[OPE-L:7316] Re: Re: Re: Re: Re: interpreting Marx's texts

From: Rakesh Bhandari (rakeshb@stanford.edu)
Date: Mon Jun 03 2002 - 11:32:05 EDT


re Fred's 7310

>
>In other words, I think that Samuelson's "eraser" critique or Steedman's
>"fork" critique of "matrix algebra Marxism" is essentially correct - that
>the labor-values derived in the "value system" play no essential role in
>the determination of prices of production in the "value system".  I think
>this critique is logically indisputable. 
>
>Marx's theory, by contrast, explains the actual, real world surplus-value
>as proportional to surplus labor, thereby clearly exposing the essential
>nature of capitalism as the exploitation of workers.
>
>That is why I think Marx's theory is superior to "matrix algebra
>Marxism".
>
>Diego (and others), what do you think?

I always thought one of Shaikh's replies to matrix algebra neo 
Ricardianism was quite good.

  Shaikh's criticism of the redundancy charge in the Value 
Controversy, ed. Steedman:

"Notice how often the word 'determines' crops up: the physical 
production data *determine* values, and in conjunction with the real 
wage, also *determine* prices of production. but what determiens the 
physical production data. In Marx, the answer is clear : it is the 
labor process. It is human productive activity, the actual 
performance of labour, that transforms 'inputs' into 'outputs', and 
it is only when labor is sucessful at all that we have any 'physical 
production data' at all. Moreover, if the labour process is a process 
of producing commodities, then it one in which value is materialized 
in the form of use values.
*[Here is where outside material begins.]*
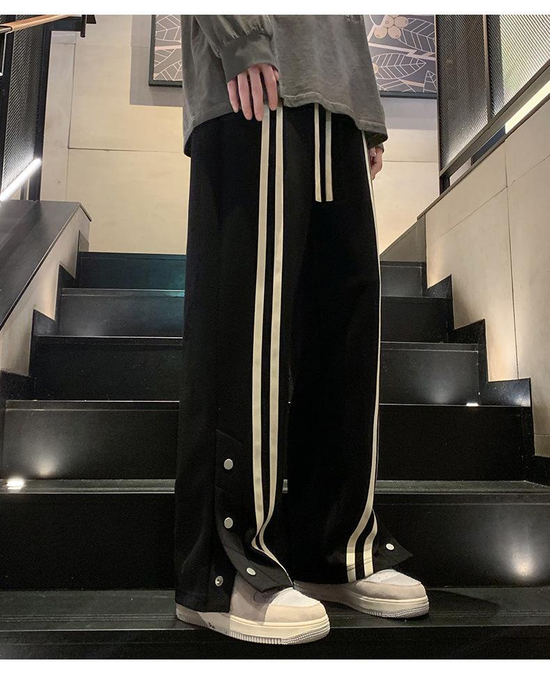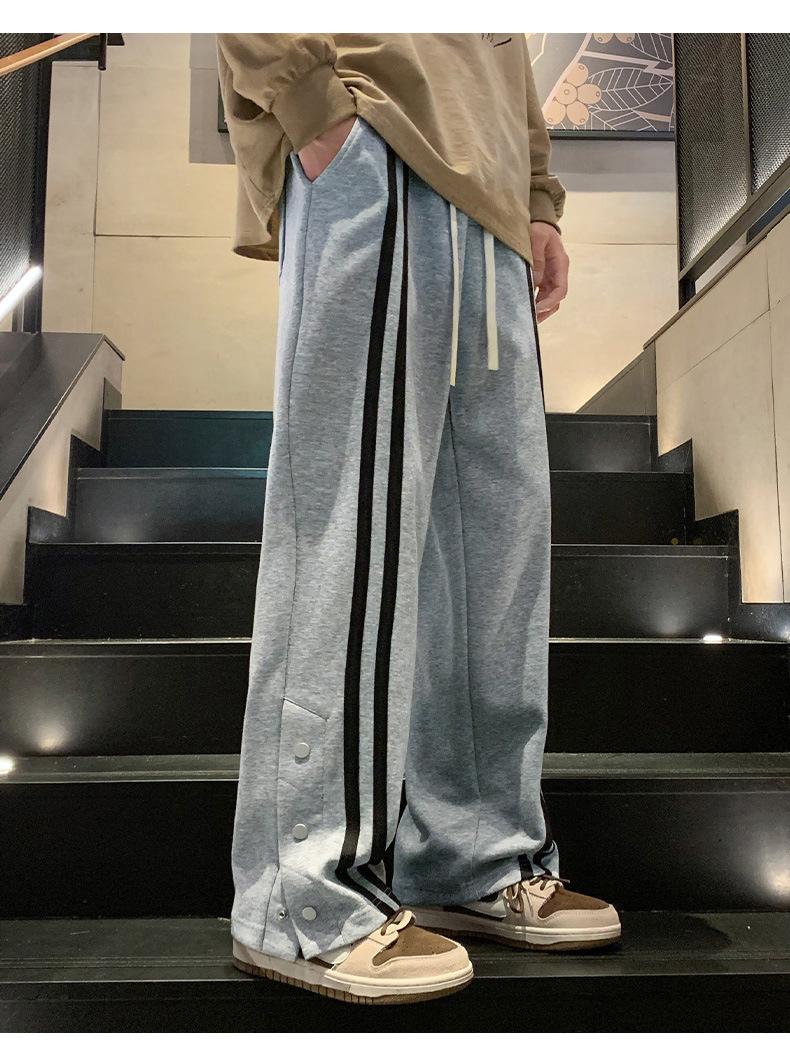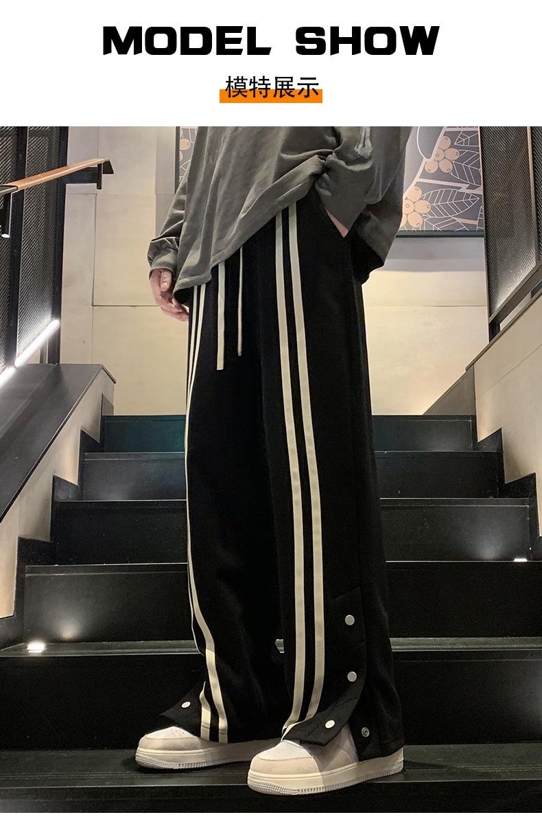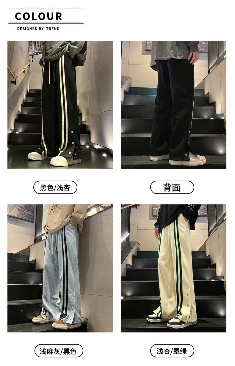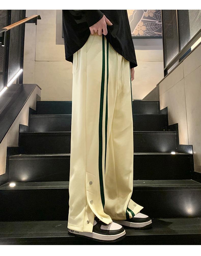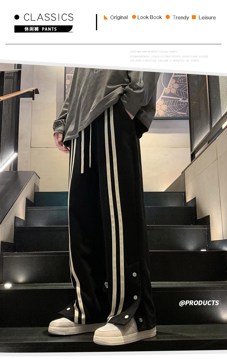 Otoño e Invierno nuevos pantalones casuales para hombre marca de moda coreana a rayas con pechera pantalones rectos holgados drapeados de pierna ancha
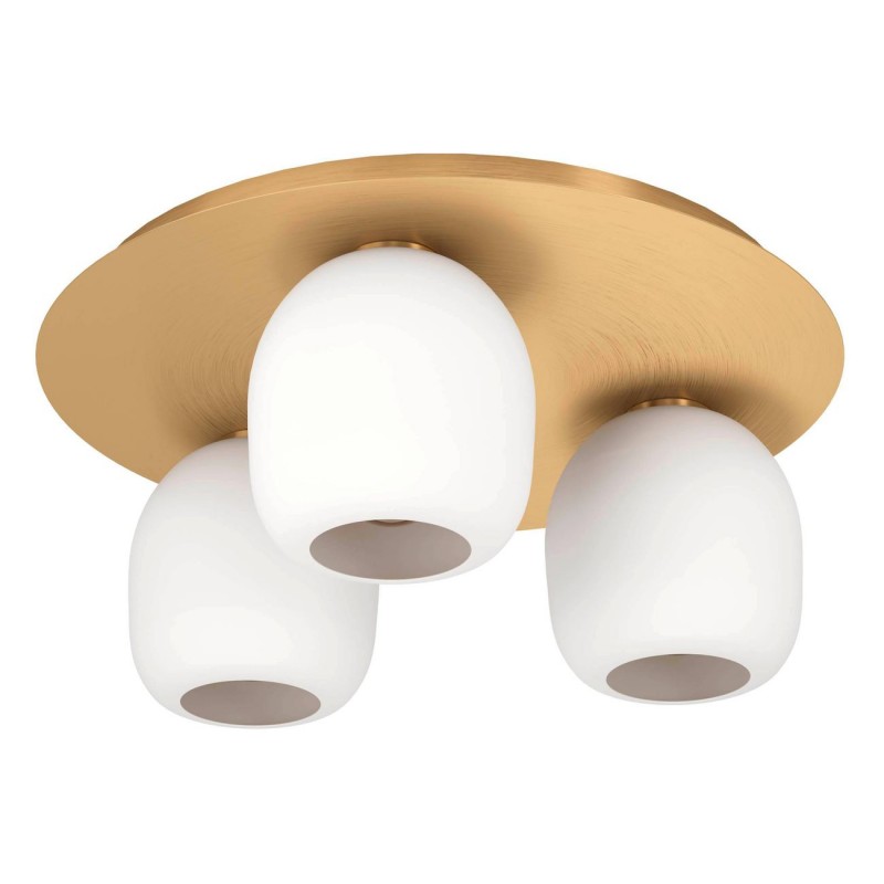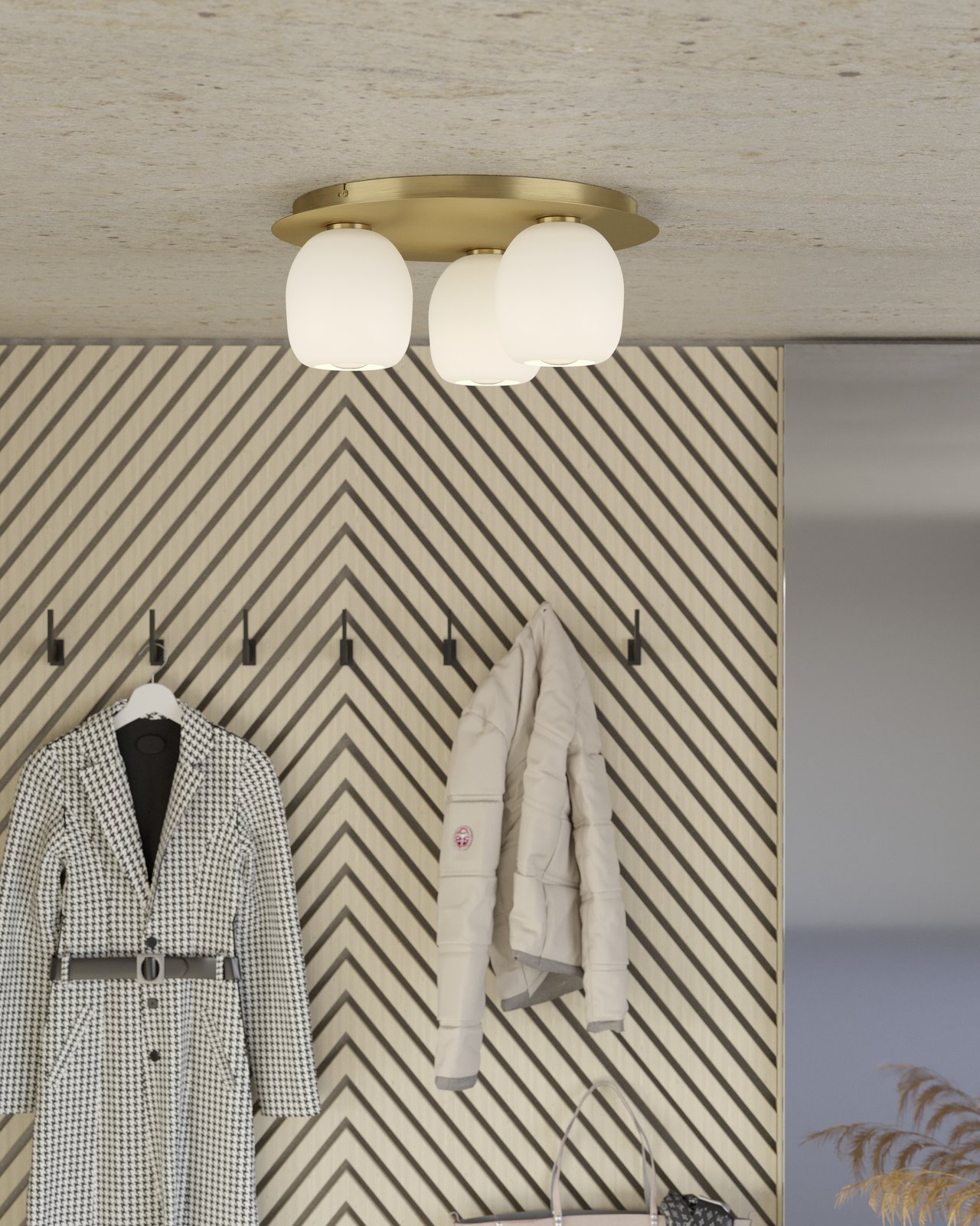 Interessante Lampen aus Stahl in den Farben gebürstetes Messing und Gold und aus mattem Opalglas. Sie eignen sich für Wohnzimmer, Küche, Esszimmer, Schlafzimmer und Flur.

Thus both 'inputs' and 'outputs' are the 
use forms of materialized value, and we can they say that in the 
*real* process it is values that determine the physical production 
data...The physical *data* are then a conceptual summary of the real 
determination, and if we then use the data to conceptually 
*calculate* values, we only capture in thought their real magnitudes. 
Such a calculation no more determines these values than does the 
calculation of the mass of the earth determine determine either the 
earth or its mass. It merely recognizes what already exists. This is 
a fundamental point in a a materialist view of the world, and the 80 
year failure of the neo Ricardians to distinguish real and conceputal 
determination reveals their long attachment to the idealist method" 
p. 280-1

Are there other such failures to distinguish between calculation and 
real determination in the history of science?

For example, was there a conflation of calculation and determination 
by Pearson in his debate with the Mendelians? Let me apologize if the 
following does not support the above argument; it is but an attempt.

But Pearson did think that he could develop a purely 
descriptive/phenomenalist theory of heredity by making linking the 
character of an individual through regression equations to the 
average character of each ancestral generation.

Once the coefficients had been empirically established, a Pearsonian 
could calculate the characteristics of progeny simply on the basis of 
data of ancestral heredity.

But as post Mendelians we know Pearson was wrong to assume a child 
does not inherit from his parents alone but from a whole series of 
ancestors in his lineage. What happened to the progeny did not depend 
on what happened to the ancestors of its parents, but only on the 
genetic make up of its parents.

We now know that the pedigrees had nothing to tell us about the 
nature of heredity: they were in fact only tools for inferring the 
genetic structure of individuals.

Similarly I am saying that the physical production data do not 
themselves determine the profit rate, though they can be used to 
calculate it.

What that data are good for is that they are a tool for inferring 
what is hidden by the fetishistic price form in and through which 
labor value is (mis-)represented, viz. the surplus labor time that 
the working class had to put at the disposal of the capitalist class 
for it is this time that is in fact the source of and the determinant 
of profits and indeed all non wage income.

Why do we need references to genes when we can quantitatively link 
generations with data of ancentral heredity? Why do we need labor 
value when we can calculate the profit rate with data of physical 
production alone?

In short, the answer is the realist one: it is genes that in fact 
determine the pattern of heredity; it is the surplus social labor 
time performed by the working class that determines the mass of 
surplus value and the (maximum equilibrium) rate of profit.

It is in the interests of realistically grasping the actual process 
that our theories should refer to genes and labor value.

So I don't see how values can be made redundant by matrix algebra 
calculations which cannot reveal the real process of determination.